The DC channels fluctuate with temperature, as we can see more clearly here. We see a downward pulse on the 0-160/108 trace at time 6.5 days. We seek out this pulse in our recording and present it below.

Figure: Large Pulse At 6.5 Days on DC Input.

There is another smaller pulse at time 8.5 days on the same channel.

Figure: Small Pulse At 8.5 Days on DC Input.

The two pulses have the same time evolution, but dramatically different amplitudes.

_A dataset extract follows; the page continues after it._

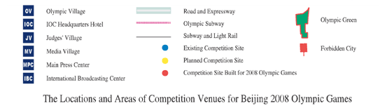 北京舉辦2008年奧運會,設(shè)28個比賽項目,使用37個比賽場館,59個訓(xùn)練場,37 個比賽場館中32個在北京,5個在其他城市:分別是:青島帆船中心和天津,秦皇島、沈陽、上海四個足球賽場。 北京的比賽場館中,使用現(xiàn)有的13個,計劃修建的11個,專為奧運會興建的8個,這些場館均按照國際單項組織的要求改建或新建,其選址、設(shè)計、施工及賽后利用等將充分體現(xiàn)北京2008年奧運會的綠色奧運、人文奧運、科技奧運的理念。

The onset of the pulse takes a few seconds, and the relaxation takes about a minute.

[22-MAR-24] We solder silver wire, A-M Systems 781500, 125 μm in diameter, to the end of one of the springs we use for B-Leads. The wire fits easily into the 250-μm inner diameter of the spring. We solder the wire to the final 1 mm of the spring. We coat with silicone. The result is an insulated silver wire that we can strip easily at the end if we want to, see M_Wire.jpg.